[Items listed in a dataset]

────

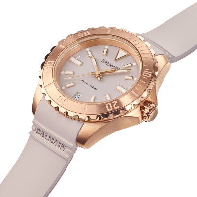 This Balmain watch has a case made of Steel silver with a diameter of 35 mm and is fitted with a rubber strap. Inside the case lies a ETA movement and the watch features a Sapphire crystal.
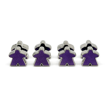 In this pack you will receive 8 Enamel Meeples in Purple and Silver
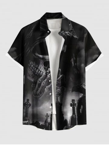 Plus Size Halloween Skull Cross Crow Print Buttons Pocket Shirt For Men - Black - 4xl
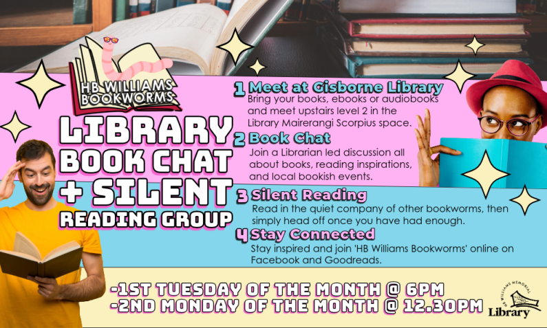Trying to scroll less and read more? Join the 'HB Williams Bookworms' book club community silent reading group here at Gisborne Library.
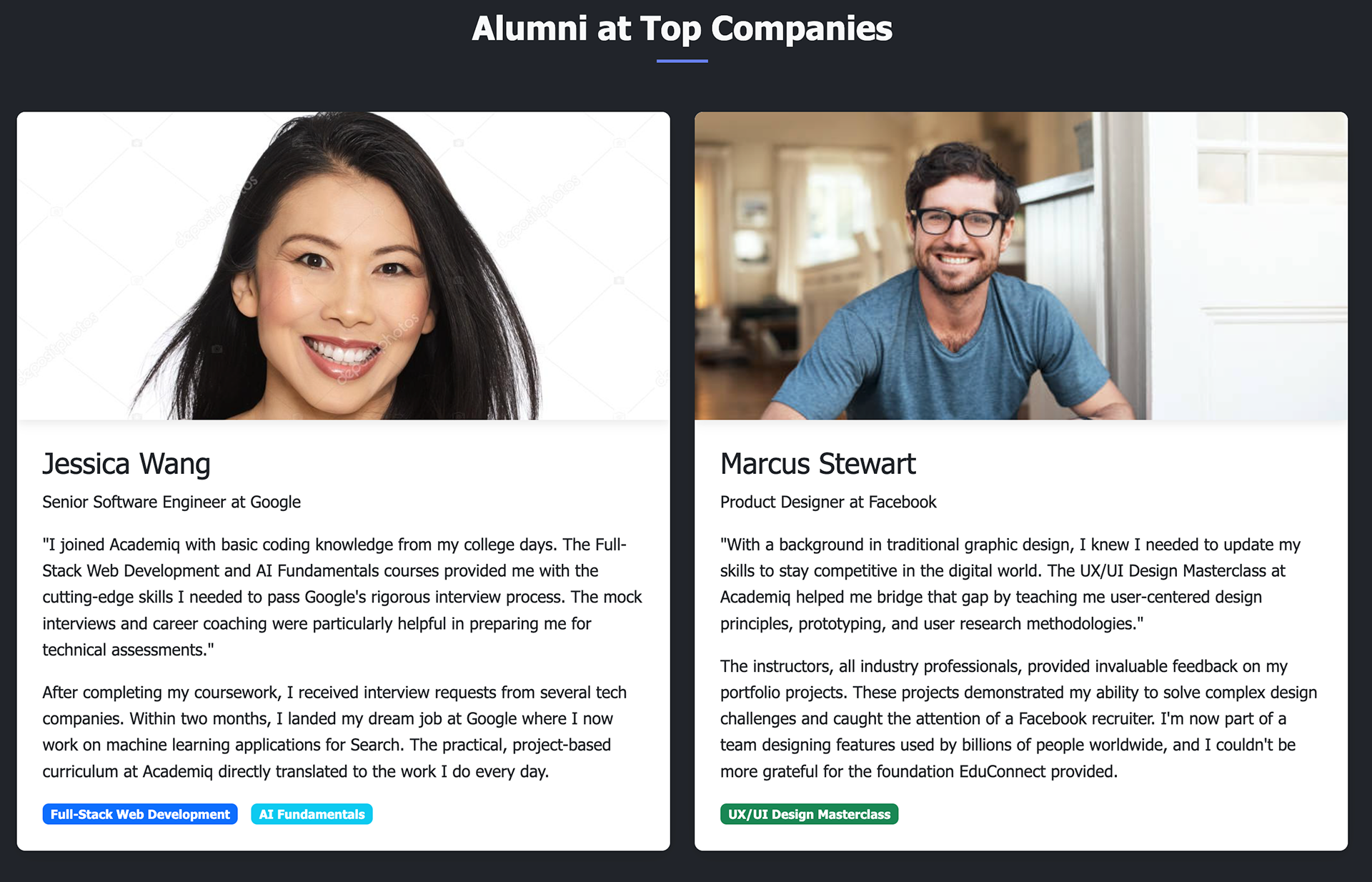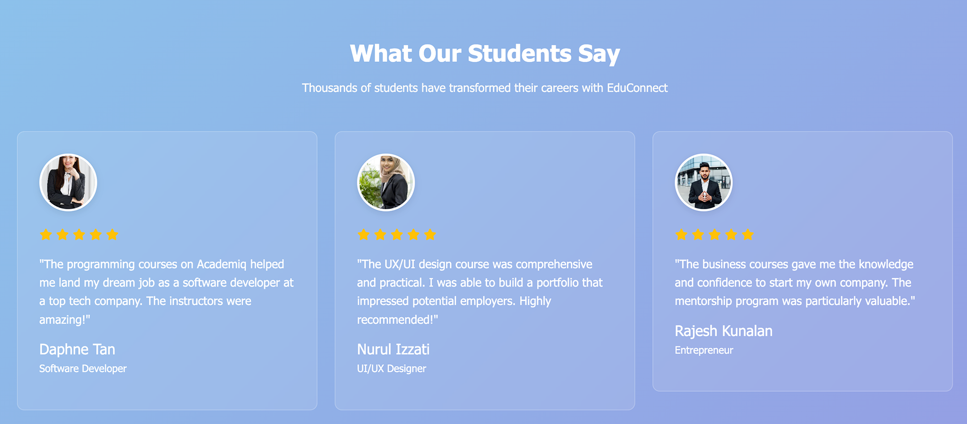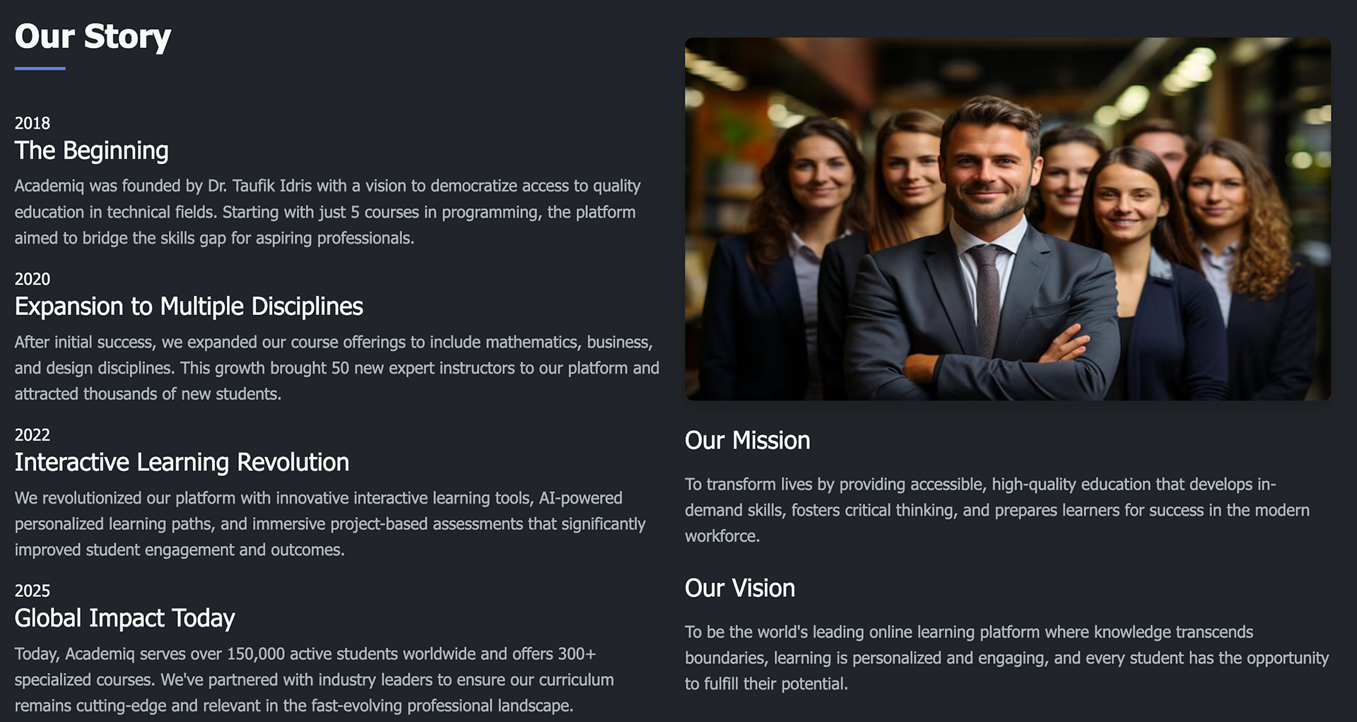 Building Academiq was both an exciting and challenging experience, especially as it was my first real dive into web development. Before this project, I had never worked with HTML, CSS, or JavaScript, and taking on the task of creating a functional and visually appealing online learning platform felt overwhelming at times. I had to learn everything from structuring web pages to styling elements and implementing interactive features, all while ensuring a responsive and smooth user experience.

────

About this exercise »
Because only one stretch of the records is wanted, please output the lines from the one holding "Plus Size Halloween" through the one holding "Trying to scroll" exactly, both included, and leave every picture out.

Exercise result »
 Plus Size Halloween Skull Cross Crow Print Buttons Pocket Shirt For Men - Black - 4xl
Trying to scroll less and read more? Join the 'HB Williams Bookworms' book club community silent reading group here at Gisborne Library.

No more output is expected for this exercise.